Your task is to copy every line of the records below that contains "время".
##### EXTRACTED ENTRIES
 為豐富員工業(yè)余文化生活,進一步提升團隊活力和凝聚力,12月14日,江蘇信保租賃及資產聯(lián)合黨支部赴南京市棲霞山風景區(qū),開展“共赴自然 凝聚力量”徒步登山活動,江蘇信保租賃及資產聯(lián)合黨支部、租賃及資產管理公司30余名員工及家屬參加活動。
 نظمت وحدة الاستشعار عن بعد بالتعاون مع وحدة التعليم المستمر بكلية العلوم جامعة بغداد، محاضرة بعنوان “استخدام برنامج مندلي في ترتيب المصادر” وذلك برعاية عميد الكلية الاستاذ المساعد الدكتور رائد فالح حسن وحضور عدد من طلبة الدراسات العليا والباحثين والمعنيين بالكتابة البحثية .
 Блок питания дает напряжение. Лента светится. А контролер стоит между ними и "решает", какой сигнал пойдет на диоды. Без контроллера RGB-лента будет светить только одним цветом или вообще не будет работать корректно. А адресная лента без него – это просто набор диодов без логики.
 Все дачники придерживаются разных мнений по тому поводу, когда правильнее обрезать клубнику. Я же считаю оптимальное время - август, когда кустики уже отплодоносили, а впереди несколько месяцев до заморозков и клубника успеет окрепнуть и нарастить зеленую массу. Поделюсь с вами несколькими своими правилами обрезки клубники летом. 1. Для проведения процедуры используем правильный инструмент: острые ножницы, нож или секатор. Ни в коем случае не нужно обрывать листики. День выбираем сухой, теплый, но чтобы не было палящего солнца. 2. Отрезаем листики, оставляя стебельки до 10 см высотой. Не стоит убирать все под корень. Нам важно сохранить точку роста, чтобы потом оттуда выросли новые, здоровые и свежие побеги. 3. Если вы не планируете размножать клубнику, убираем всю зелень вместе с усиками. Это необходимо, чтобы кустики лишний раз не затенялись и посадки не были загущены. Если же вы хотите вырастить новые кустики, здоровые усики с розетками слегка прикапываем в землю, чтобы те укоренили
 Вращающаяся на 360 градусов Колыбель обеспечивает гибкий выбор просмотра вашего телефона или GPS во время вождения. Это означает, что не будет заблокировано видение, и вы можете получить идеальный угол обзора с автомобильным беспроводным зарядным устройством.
##########
##### EXTRACTED ENTRIES
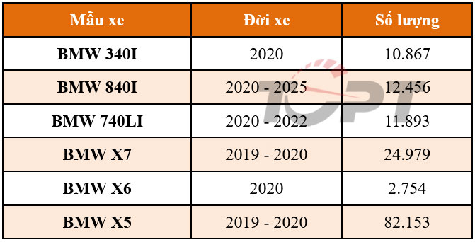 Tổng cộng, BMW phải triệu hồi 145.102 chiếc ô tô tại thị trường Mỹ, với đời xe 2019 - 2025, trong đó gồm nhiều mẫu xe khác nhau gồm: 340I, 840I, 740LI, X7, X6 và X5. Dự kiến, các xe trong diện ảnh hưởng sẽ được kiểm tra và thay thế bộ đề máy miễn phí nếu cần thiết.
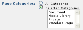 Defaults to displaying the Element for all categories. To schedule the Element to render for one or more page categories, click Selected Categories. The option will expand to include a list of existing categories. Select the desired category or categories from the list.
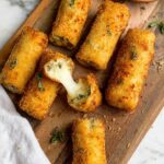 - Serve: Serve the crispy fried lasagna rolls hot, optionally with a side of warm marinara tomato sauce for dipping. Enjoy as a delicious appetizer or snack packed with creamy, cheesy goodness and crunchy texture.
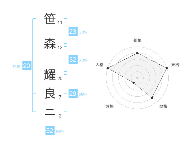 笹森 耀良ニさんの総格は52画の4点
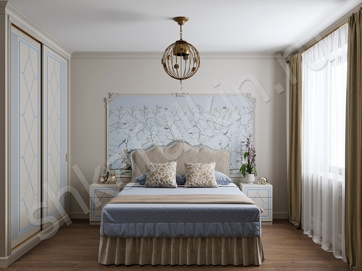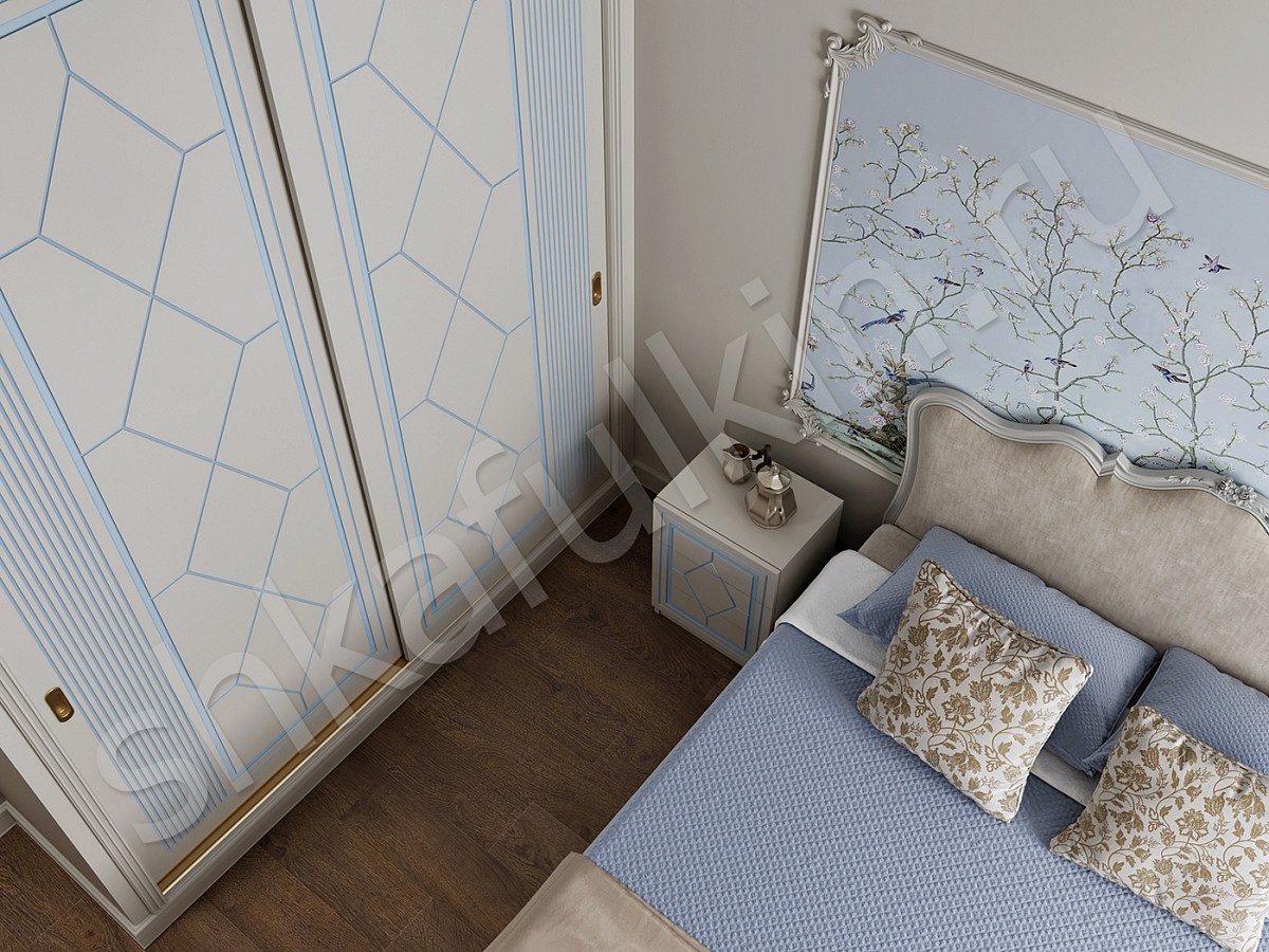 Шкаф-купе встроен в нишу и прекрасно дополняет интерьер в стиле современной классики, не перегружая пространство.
##########
§ **RESULT**
 Все дачники придерживаются разных мнений по тому поводу, когда правильнее обрезать клубнику. Я же считаю оптимальное время - август, когда кустики уже отплодоносили, а впереди несколько месяцев до заморозков и клубника успеет окрепнуть и нарастить зеленую массу. Поделюсь с вами несколькими своими правилами обрезки клубники летом. 1. Для проведения процедуры используем правильный инструмент: острые ножницы, нож или секатор. Ни в коем случае не нужно обрывать листики. День выбираем сухой, теплый, но чтобы не было палящего солнца. 2. Отрезаем листики, оставляя стебельки до 10 см высотой. Не стоит убирать все под корень. Нам важно сохранить точку роста, чтобы потом оттуда выросли новые, здоровые и свежие побеги. 3. Если вы не планируете размножать клубнику, убираем всю зелень вместе с усиками. Это необходимо, чтобы кустики лишний раз не затенялись и посадки не были загущены. Если же вы хотите вырастить новые кустики, здоровые усики с розетками слегка прикапываем в землю, чтобы те укоренили
 Вращающаяся на 360 градусов Колыбель обеспечивает гибкий выбор просмотра вашего телефона или GPS во время вождения. Это означает, что не будет заблокировано видение, и вы можете получить идеальный угол обзора с автомобильным беспроводным зарядным устройством.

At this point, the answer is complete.